The resin layer (B) according to the present embodiment may contain various additives as long as the object of the present invention is not impaired. The various additives are not particularly limited, but for example, plasticizers, antioxidants, ultraviolet absorbers, wavelength converters, antistatic agents, surfactants, colorants, light stabilizers, foaming agents, lubricants, crystal nuclei. Agents, crystallization accelerators, crystallization retardants, catalyst deactivators, heat ray absorbers, heat ray reflectors, radiators, thermoplastic resins other than ethylene / polar monomer copolymers, thermosetting resins, inorganic fillers, Organic fillers, impact resistance improvers, slip agents, cross-linking agents, cross-linking aids, tackifiers, silane coupling agents, processing aids, mold release agents, hydrolysis inhibitors, heat stabilizers, anti-blocking agents, Examples thereof include antifogging agents, flame retardants, flame retardant aids, light diffusing agents, antibacterial agents, anticorrosive agents, dispersants and other resins. The various additives may be used alone or in combination of two or more.

<Resin layer (C)>
The surface protective film 10 according to the present embodiment may further include a resin layer (C) containing a thermoplastic polyurethane resin.
The resin layer (C) contains a thermoplastic polyurethane resin as a main component.
The thickness of the resin layer (C) is, for example, 10 μm or more and 1000 μm or less.

The thermoplastic polyurethane resin is not particularly limited, and known ones can be used.
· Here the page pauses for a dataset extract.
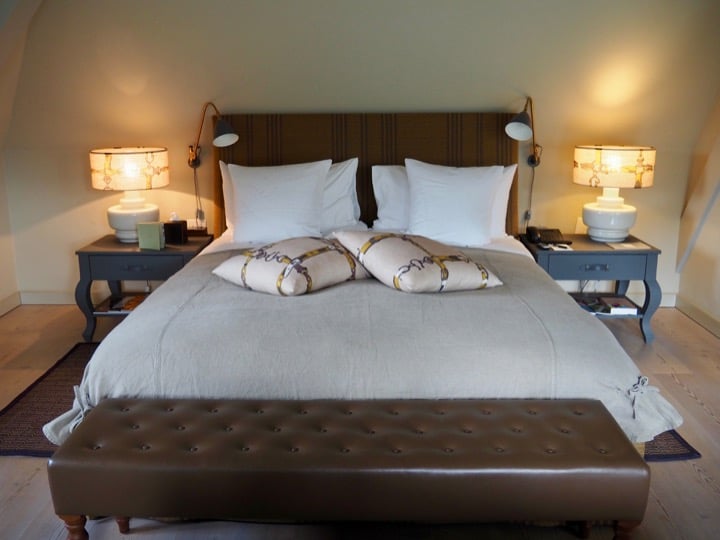 Avec 57 chambres dont 9 suites au total, Le Grand Bellevue fait office d'hôtel intime. Différentes catégories sont proposées et les plus petites nommées « les chambres chics » font déjà 32m2. Pour ma part, j'ai craqué pour la Suite Sommet : elle porte bien son nom car elle est située au dernier étage d'où l'on peut admirer le village en contre bas. Dans ses 62m2 se trouve un grand lit king size, un espace salon avec canapé et une grande table à manger où nous avons pu déguster notre petit déjeuner en toute intimité le lendemain matin. La suite est extrêmement lumineuse et affiche une déco classy et chic. Cerise sur le gâteau, une superbe salle de bain avec vue sur la foret où trône une baignoire centrale.

For example, block copolymers having polyurethane as a hard segment and polyether as a soft segment; polyester such as adipate polyester and caprolactone polyester; and polycarbonate and the like can be mentioned.
Among these, as the thermoplastic polyurethane resin, a block copolymer having polyurethane as a hard segment and a polyether as a soft segment (also referred to as a polyether-based thermoplastic polyurethane resin) is preferable.
The content of the thermoplastic polyurethane resin in the resin layer (C) is, for example, 50% by mass or more, preferably 60% by mass or more, more preferably 70% by mass, when the whole resin layer (C) is 100% by mass. As mentioned above, it is more preferably 80% by mass or more, and particularly preferably 90% by mass or more. When the content of the thermoplastic polyurethane resin in the resin layer (C) according to the present embodiment is at least the above lower limit value, the performance balance such as transparency, flexibility, and mechanical strength of the surface protective film 10 is further improved. Can be good.
The upper limit of the content of the thermoplastic polyurethane resin in the resin layer (C) according to the present embodiment is not particularly limited, but is, for example, 100% by mass or less.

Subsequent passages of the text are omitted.